▶ **Problem description**: Among the entries below, extract exactly the lines that run from the one with "全麦小钢筋500g,原味+紫薯+抹茶三口味随机发" through the one with "Limitowana ! MAXI", both ends included.

▶ **Task inputs**:
/---
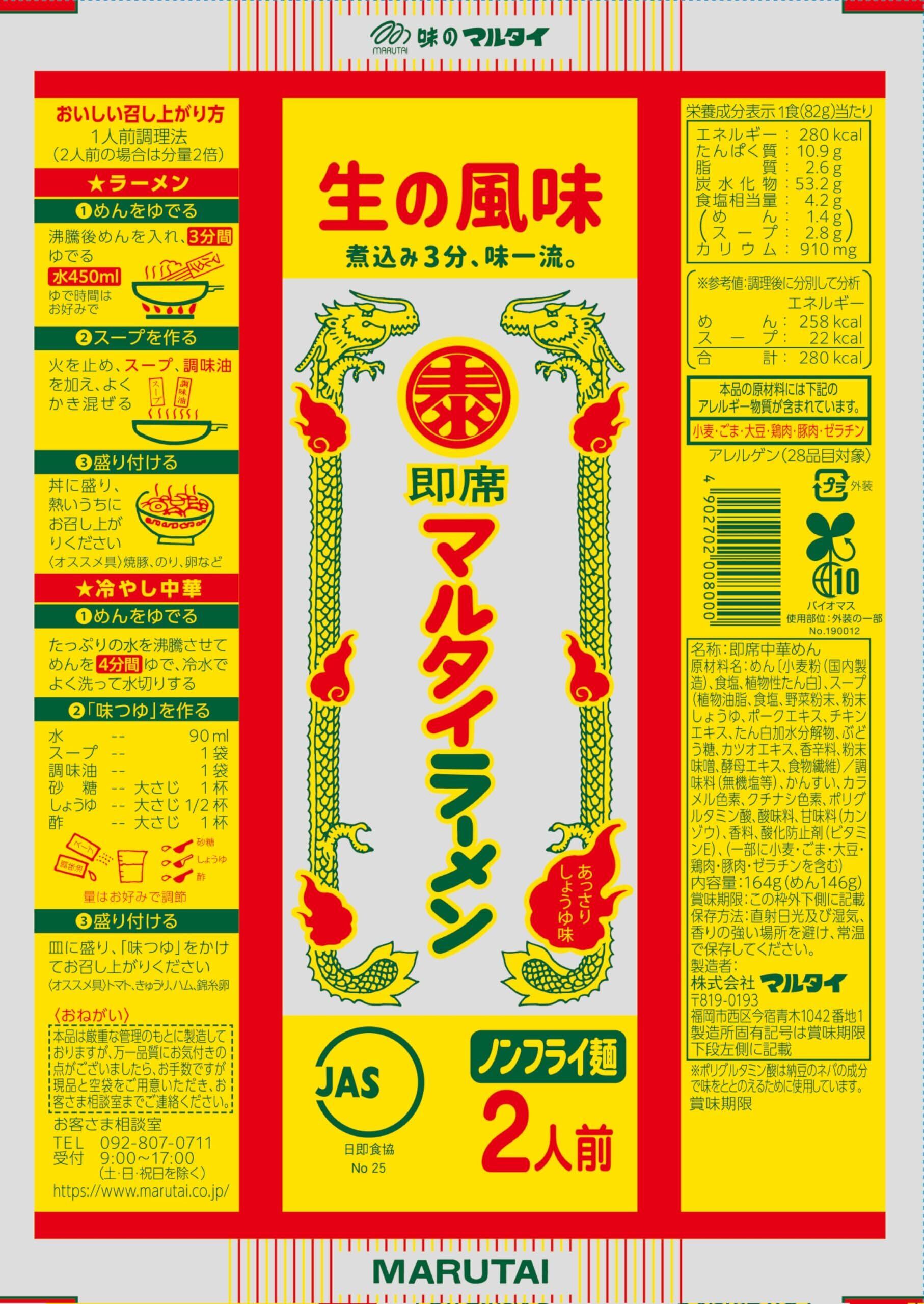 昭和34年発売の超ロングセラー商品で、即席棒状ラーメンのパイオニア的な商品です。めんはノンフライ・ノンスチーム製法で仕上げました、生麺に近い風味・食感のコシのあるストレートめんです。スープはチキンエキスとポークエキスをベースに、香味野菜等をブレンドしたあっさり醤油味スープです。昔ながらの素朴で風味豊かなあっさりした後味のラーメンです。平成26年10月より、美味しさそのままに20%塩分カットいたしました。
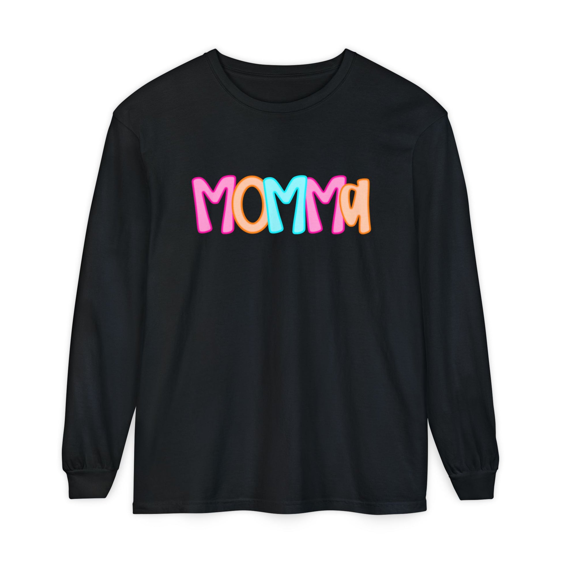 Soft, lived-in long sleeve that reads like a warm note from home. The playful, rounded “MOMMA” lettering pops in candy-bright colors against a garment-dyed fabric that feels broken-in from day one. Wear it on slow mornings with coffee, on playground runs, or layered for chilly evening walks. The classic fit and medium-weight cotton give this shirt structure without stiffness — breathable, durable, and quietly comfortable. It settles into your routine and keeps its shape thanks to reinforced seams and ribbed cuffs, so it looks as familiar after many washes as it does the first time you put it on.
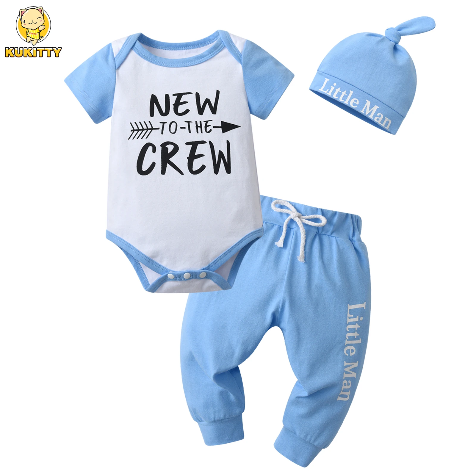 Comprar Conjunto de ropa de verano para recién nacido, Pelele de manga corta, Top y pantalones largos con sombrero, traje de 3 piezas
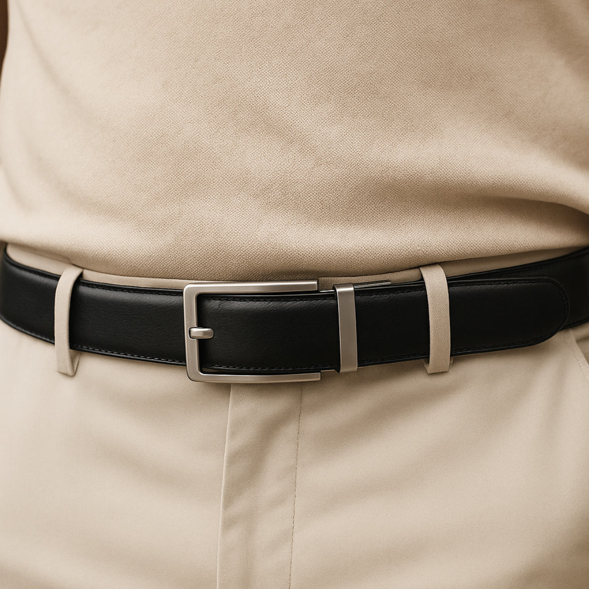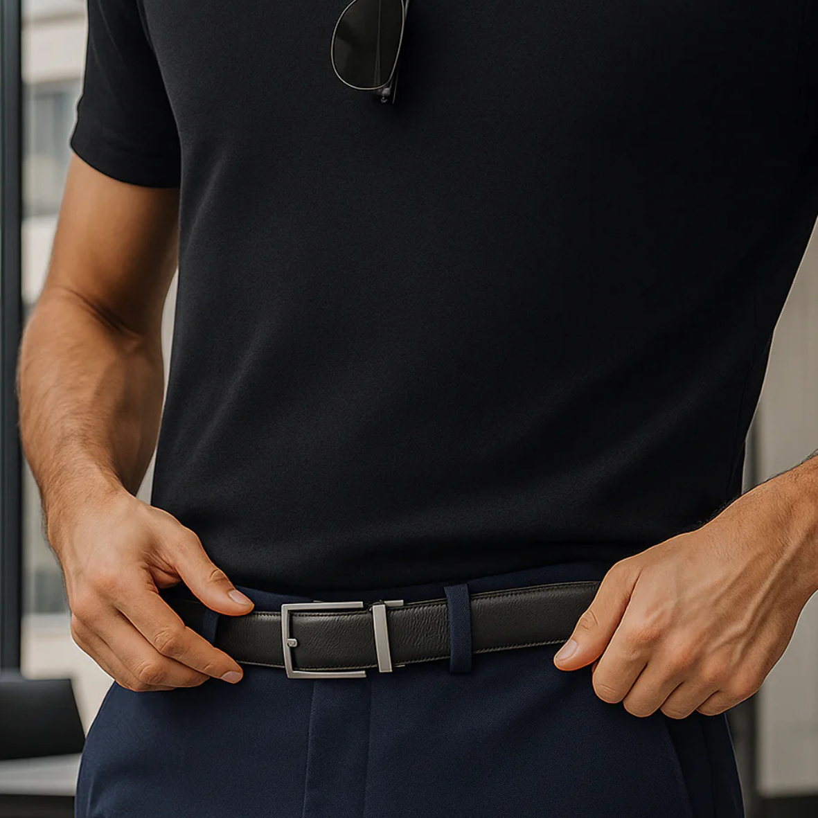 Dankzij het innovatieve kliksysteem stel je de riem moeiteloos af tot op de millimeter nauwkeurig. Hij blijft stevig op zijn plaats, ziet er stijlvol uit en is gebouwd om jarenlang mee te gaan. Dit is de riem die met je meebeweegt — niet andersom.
\---
/---
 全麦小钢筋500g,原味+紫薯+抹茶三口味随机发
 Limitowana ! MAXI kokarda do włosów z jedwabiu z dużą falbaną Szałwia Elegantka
\---
▶ **Solution to this problem**:
 全麦小钢筋500g,原味+紫薯+抹茶三口味随机发
 Limitowana ! MAXI kokarda do włosów z jedwabiu z dużą falbaną Szałwia Elegantka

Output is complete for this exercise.